Isidoro Felcman | Maldonado
@|La orquesta tocaba un vals lento, como si quisiera inmovilizar el tiempo. Bajo la luz tenue de las lámparas, los pasajeros de primera clase giraban con elegancia, copas de champagne en mano, sonrisas livianas, perfumes y seda flotando en el aire frío de la noche atlántica. La cubierta era un salón suspendido entre estrellas: voces suaves, pasos medidos, la ilusión intacta de una travesía perfecta. Y mientras los vestidos rozaban la madera al compás de la música, el agua irrumpía con furia salvaje en la sala de máquinas, escribiendo en silencio el final de la fiesta. El choque contra el iceberg, apenas percibido sobre esa cubierta mágica, ya era una realidad todavía inconsciente, pero implacable.
Hoy, José Ignacio se parece a esa cubierta.
En la superficie, todo parece armónico: el mar, las playas, los bosques, los festivales de cine y música, los restaurantes gourmet, las galerías de arte, la vida bella y apacible que las revistas de turismo y de moda exhiben como postal aspiracional. Quienes viven allí y quienes veranean, buscan tranquilidad, escala humana, la sensación —cada vez más rara en el mundo— de habitar un lugar donde todavía se puede caminar sin prisa, ver las estrellas de noche, respirar buen trato y silencio. “Aquí lo único que corre es el viento”, una frase emblemática que condensa el espíritu del lugar, una identidad construida durante décadas y que pretende preservarse hacia el futuro.
José Ignacio es —y quiere ser— un territorio de mar, playa, campo y bosques, construido a escala humana, donde una comunidad participativa vive y trabaja en orden, armonía y seguridad, cuida un ambiente de alta naturalidad y se desarrolla de manera sostenible a través de servicios turísticos y culturales de calidad internacional.
No es solo un balneario: es un activo estratégico para toda la costa Este uruguaya, un caso único de alta naturalidad preservada, un símbolo de calidad territorial, humana, cultural y paisajística.
Sin embargo, mientras la música suena y la temporada celebra, por debajo, la infraestructura física, ambiental y social cruje: saneamiento colapsado, agua potable con insuficiencia de oferta; humedales taponados con nuevas construcciones; red eléctrica frágil con cortes frecuentes por exceso de consumo o eventos climáticos; servicios médicos escasos para atender emergencias; una convivencia alterada por excesos de música a todo volumen y ruidos de obras en temporada turística, sin controles de inspección. Servicios pensados para un pueblo que ya no existe.
En 2011, había 300 habitantes permanentes. En 2023 1.000. En el verano, la población se multiplica por diez. Diez mil personas con infraestructura para trescientas.
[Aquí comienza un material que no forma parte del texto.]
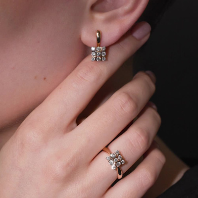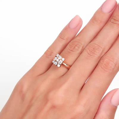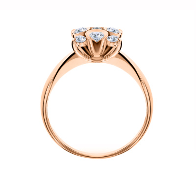 Кольцо с 4 бриллиантами природными, 0.31 карат, огранка круг 57 граней, цвет 3, чистота 6, тип огранки А; 4 бриллиантами природными, 0.19 карат, огранка круг 57 граней, цвет 3, чистота 6, тип огранки А; 1 бриллиантом природным, 0.04 карат, огранка круг 57 граней, цвет 3, чистота 6, тип огранки А; Розовое золото 585 пробы.

La presión ambiental, habitacional y poblacional —impulsada por una urbanización acelerada— continúa de manera silenciosa pero constante. En los próximos años, más de seis mil nuevos lotes de terreno saldrán al mercado en un territorio sin infraestructura necesaria para semejante expansión. Esto no responde a una visión estratégica de largo plazo, sino a algo más simple y letal: la codicia empresaria, en este caso impulsada por la voracidad inmobiliaria, que pretende transformar un patrimonio natural, cultural y simbólico en una oportunidad de rentabilidad inmediata.
Viene acompañado de excepciones normativas que continúan alimentando un desarrollo urbano insostenible, cuando no obsceno: viviendas plurifamiliares en bloque, talado de bosques para sustituir oxígeno por cemento, autorizaciones para construir dentro de la franja de protección costera de los 150 metros, humedales que se secan para alimentar bonitas fuentes en barrios cerrados, acceso a las playas restringido. ¿Qué más?
Sigamos bailando sobre la cubierta del Titanic. La música suave envuelve nuestros espíritus y nos movemos al ritmo de un vals vienés. Los eventos se multiplican, las fotografías circulan. Pero por debajo —donde no se sacan selfies ni se imprimen brochures— el agua sigue entrando. No por accidente, sino por una tormenta perfecta compuesta por falta de visión estratégica, ausencia de planificación, un modelo de desarrollo solo orientado al negocio inmobiliario como generador de empleo y una tolerancia a la sobreexplotación de un territorio natural finito.
Cuando la música se detenga, ¿quedará algo del lugar que hizo posible esta belleza? Porque tengamos en cuenta que, incluso el vals más elegante, termina abruptamente cuando el agua alcanza la cubierta.